- _Information supplied_
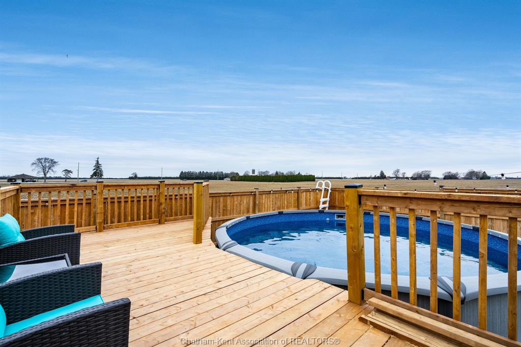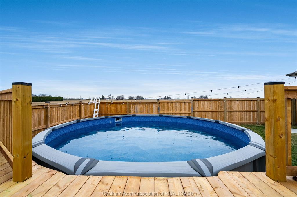 • Fully fenced yard with above-ground pool and expansive deck for relaxation.
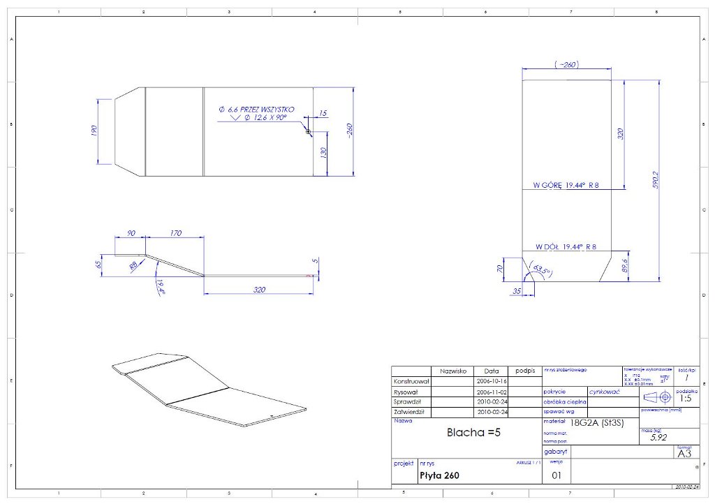 zaznaczyłem krawędzie i miejsce przetłoczenia na stabilizator i punkty mocowania
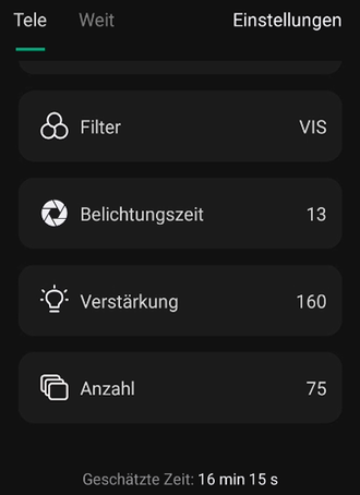 Dwarf analysiert die Sensortemperatur und fordert möglicherweise zum Erstellen neuer Darks (Dunkelbilder) auf. Ansonsten wählt man diese Option über einen Klick auf den Kreis mit den drei Punkten.Weil Dwarf passende Darks zum Erstellen gestackter Summenbilder benötigt, sollte man diesen Prozess nach Möglichkeit vor dem Schießen der Lights anstoßen.Die Darkframes ("Darks", Dunkelbilder) müssen die gleiche Sensortemperatur, Belichtungszeit und Verstärkung aufweisen wie die Lightframes ("Lights", Objektfotos). Weicht auch nur ein einziger der drei Paramater deutlich ab, sollten neue Darks geschossen werden.Daher empfiehlt es sich für den Anfang, auch die Lights immer mit gleicher Belichtungszeit und Verstärkung (z.B. 30 sec mit Gain 60) zu schießen. Somit bleibt bloß die kaum steuerbare Temperatur als Variable. Die Filtereinstellung ist hier übrigens egal.
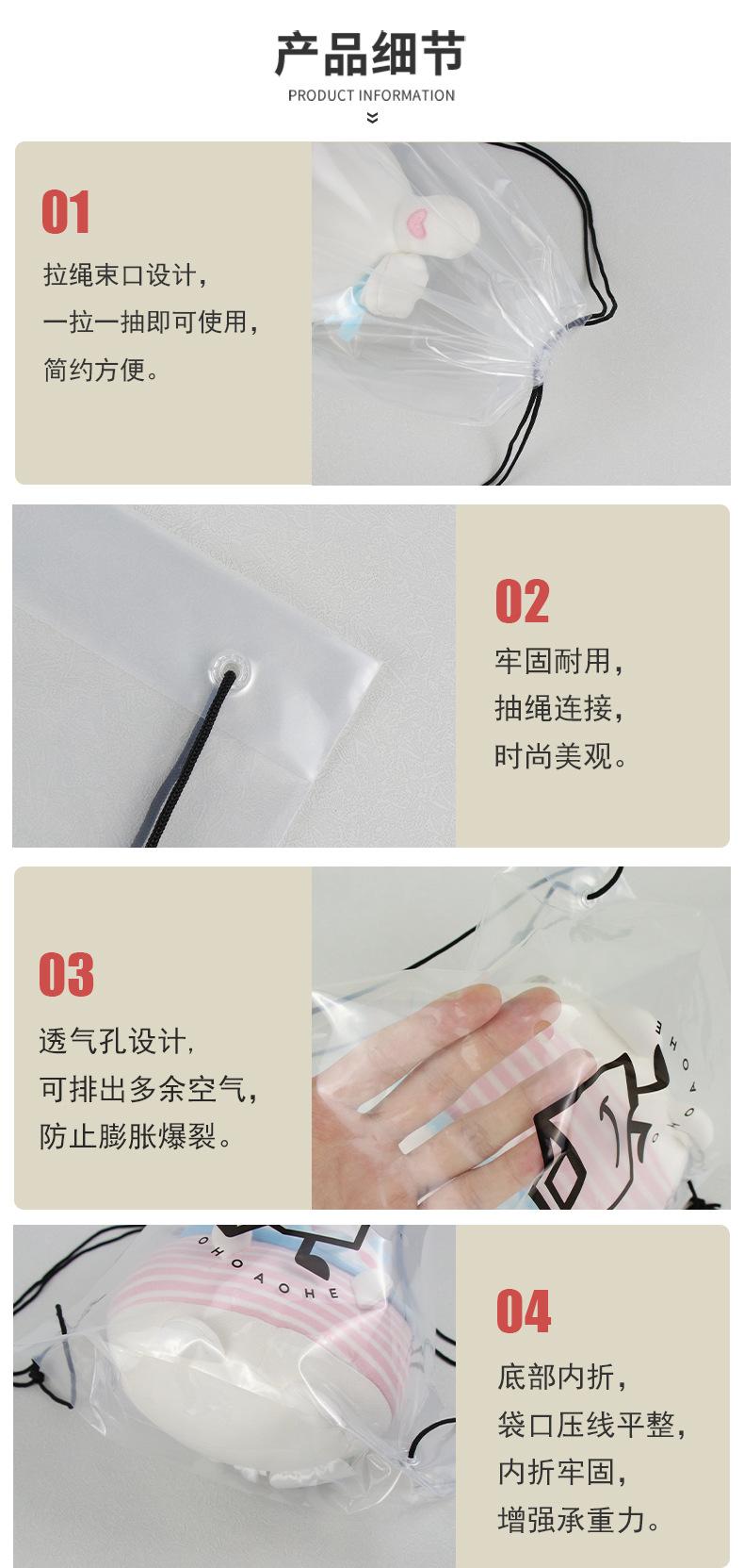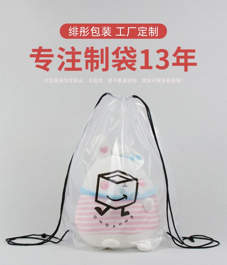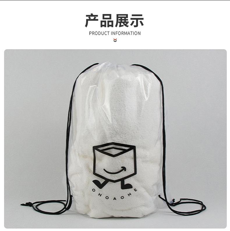 Mochila transparente de PE impermeable personalizada con cordón ajustable, venta al por mayor, para niños, para exteriores, bolsa de almacenamiento de ropa con cordón
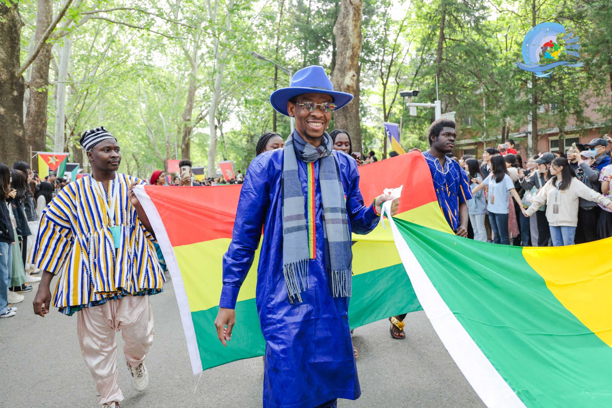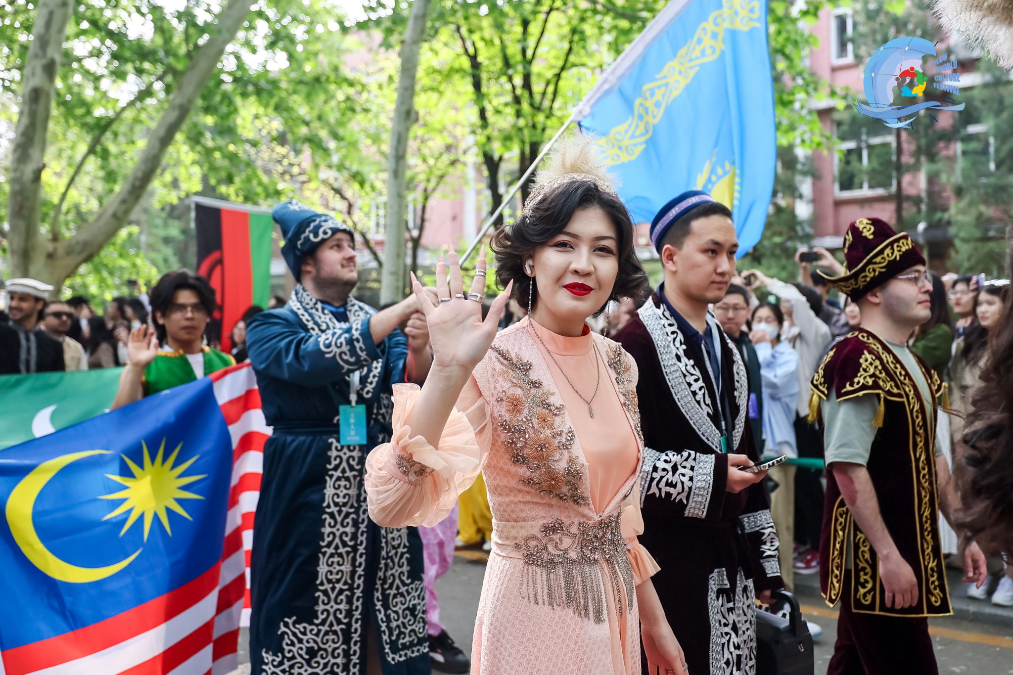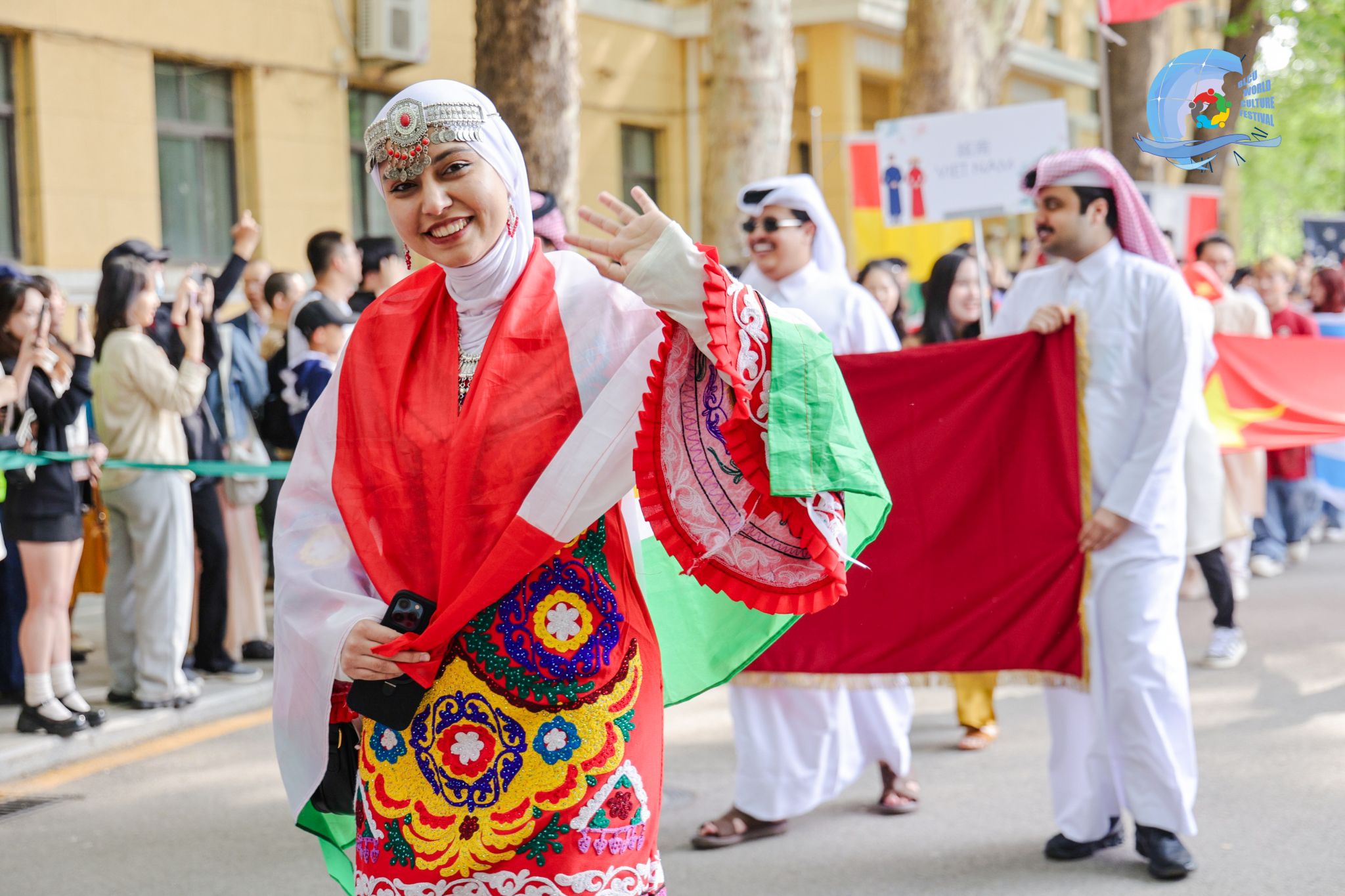 由300多名来自五大洲的学生组成的巡游队伍,拉开了第二十届世界文化节游园会的序幕。中外学生身穿各具特色的民族服装,踏着昂扬的步伐,穿梭于万国旗间,共同绘就多元文化共融的青春图景。
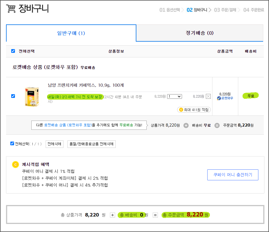 아래 장바구니 내용을 보면 주문 다음날 새벽배송이고

- _What you need to do_
Repeat each entry exactly. Pictures do not belong in the copy.

- _Answer section_
 • Fully fenced yard with above-ground pool and expansive deck for relaxation.
 zaznaczyłem krawędzie i miejsce przetłoczenia na stabilizator i punkty mocowania
 Dwarf analysiert die Sensortemperatur und fordert möglicherweise zum Erstellen neuer Darks (Dunkelbilder) auf. Ansonsten wählt man diese Option über einen Klick auf den Kreis mit den drei Punkten.Weil Dwarf passende Darks zum Erstellen gestackter Summenbilder benötigt, sollte man diesen Prozess nach Möglichkeit vor dem Schießen der Lights anstoßen.Die Darkframes ("Darks", Dunkelbilder) müssen die gleiche Sensortemperatur, Belichtungszeit und Verstärkung aufweisen wie die Lightframes ("Lights", Objektfotos). Weicht auch nur ein einziger der drei Paramater deutlich ab, sollten neue Darks geschossen werden.Daher empfiehlt es sich für den Anfang, auch die Lights immer mit gleicher Belichtungszeit und Verstärkung (z.B. 30 sec mit Gain 60) zu schießen. Somit bleibt bloß die kaum steuerbare Temperatur als Variable. Die Filtereinstellung ist hier übrigens egal.
 Mochila transparente de PE impermeable personalizada con cordón ajustable, venta al por mayor, para niños, para exteriores, bolsa de almacenamiento de ropa con cordón
 由300多名来自五大洲的学生组成的巡游队伍,拉开了第二十届世界文化节游园会的序幕。中外学生身穿各具特色的民族服装,踏着昂扬的步伐,穿梭于万国旗间,共同绘就多元文化共融的青春图景。
 아래 장바구니 내용을 보면 주문 다음날 새벽배송이고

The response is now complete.